Nous allons vers une nouvelle redistribution des cartes en Afrique. Politiquement du moins. Ce scénario est envisagé par plusieurs experts, dont en premier ceux du Centre d’analyse, de prévision et de stratégie (CAPS).

En effet, selon le site agenceeconfin.com, dans une “note diplomatique” ayant pour titre “l’effet pangolin, la tempête qui vient en Afrique?”, le CAPS, think tank lié à la diplomatie française”… prédit un effet quasi-apocalyptique du COVID-19 sur les Etats africains”.

Et le think tank de préciser: « vu d’Afrique, le Covid-19 se présente sous la forme d’un chronogramme politique qui va amplifier les facteurs de crise des sociétés et des Etats ».

A première vue, l’hypothèse est défendable, en ce sens que le continent africain, même avec la dislocation des deux blocs (Est et Ouest), n’a toujours pas fini avec ses régimes clientélistes.

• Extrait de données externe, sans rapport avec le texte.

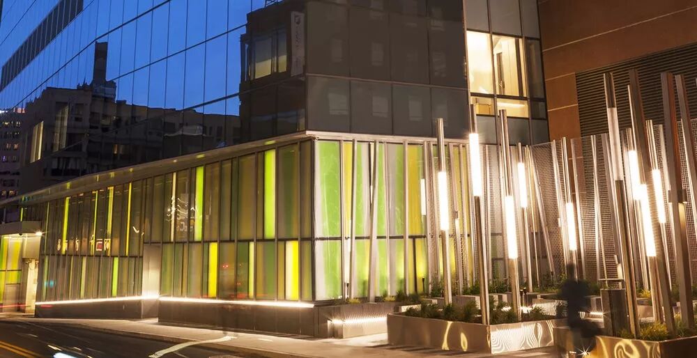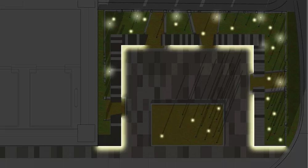 公园的亮点是6米高的水幕墙瀑布,作为整个空间的背景,也是为了在这个公园当中的增加一个视觉焦点。到了夜晚,跌水后面的灯光布景,为小公园又增添了一抹神秘的色彩。

Du coup, on a sovent devant nous des Etats défaillants dans tous les domaines, ce qui fait que cette épidémie aura sans doute un énorme impact socioéconoique en Afrique plus qu’ailleurs. Autrement dit, “le coronavirus devrait révéler l’incapacité des Etats africains à protéger leurs populations”, souligne la note du CAPS.

Les experts du CAPS estiment qu’une crise politique pourrait provenir d'”un nombre trop élevé de décès, ou encore l’infection d’un dirigeant âgé. Dans ce cas de figure, les Etats les plus exposés à une déstabilisation seraient ceux du Sahel et de l’Afrique centrale, caractérisés par des politiques publiques défaillantes au contraire d’autres pays aux institutions plus solides tels que le Rwanda ou le Sénégal”.

Voici ce qu’indique le Quai d’Orsay: « En Afrique de l’Ouest, les mesures de confinement saperont l’équilibre fragile de l’informel, économie de survie quotidienne essentielle au maintien du contrat social. En Afrique centrale, le choc pourrait précipiter la crise finale de la rente pétrolière au Cameroun, au Gabon et au Congo-Brazzaville là aussi au cœur des équilibres sociaux », rapporte agenceecofin.

Le CAPS pour son analyse et prévoit “un scénario quasi-hollywoodien”, indiquant que les besoins essentiels liés à la crise sanitaire devraient faire apparaître des phénomènes de panique urbaine dans les villes africaines: « La question de la sélection ne portera pas sur les personnes à sauver médicalement (faute de capacités d’accueil), mais sur les besoins de premières nécessités : quel quartier ravitailler ? quelles autorités locales crédibles peuvent être les relais d’organisation de la distribution ? quels produits de première nécessité fournir dans une phase attendue de pénurie ? ».

Conséquence: la hausse des cas de délinquance, ce qui rendra encore plus fragile l’autorité de l’Etat.

Et puisqu’on est dans la diplomatie, où parfois l’art de prévoir est extrêmement important, le CAPS suggère au ministère des Affaires étrangères français de « se tourne vers de nouveaux interlocuteurs avec qui coordonner les efforts de gestion de la crise en Afrique ».

Le think tant a déjà identifié quatres catégories d’acteurs: les autorités religieuses, les artistes populaires, les diasporas et les  entrepreneurs économiques.

En tout cas, pour les experts du CAPS convaincus que la nouvelle pandémie entraînera une révolution politique dans certains pays africains, «anticiper le discrédit des autorités politiques signifie accompagner en urgence l’émergence d’autres formes d’autorités africaines crédibles pour s’adresser aux peuples afin d’affronter les responsabilités de la crise politique qui va naître du choc provoqué par le Covid-19 en Afrique ».

Pour conclure, le document du Quai d’Orsay proclame : « L’immanquable détournement de biens publics (à commencer par des masques) et de l’aide sanitaire internationale à venir (déjà dénoncée sous le terme « Covidbusiness ») peut facilement cristalliser l’ultime perte de crédit des dirigeants ».

Alors, est-ce que le scénario des experts du CAPS est plausible? Théoriquement, oui, mais en pratique, ce n’est pas évident, et cette pandémie risque même d’entraîner un renforcement de certains régimes autoritaires africains.

Donc, à ce stade, tout est permis, aucun scénario ne doit être écarté ou minimisé.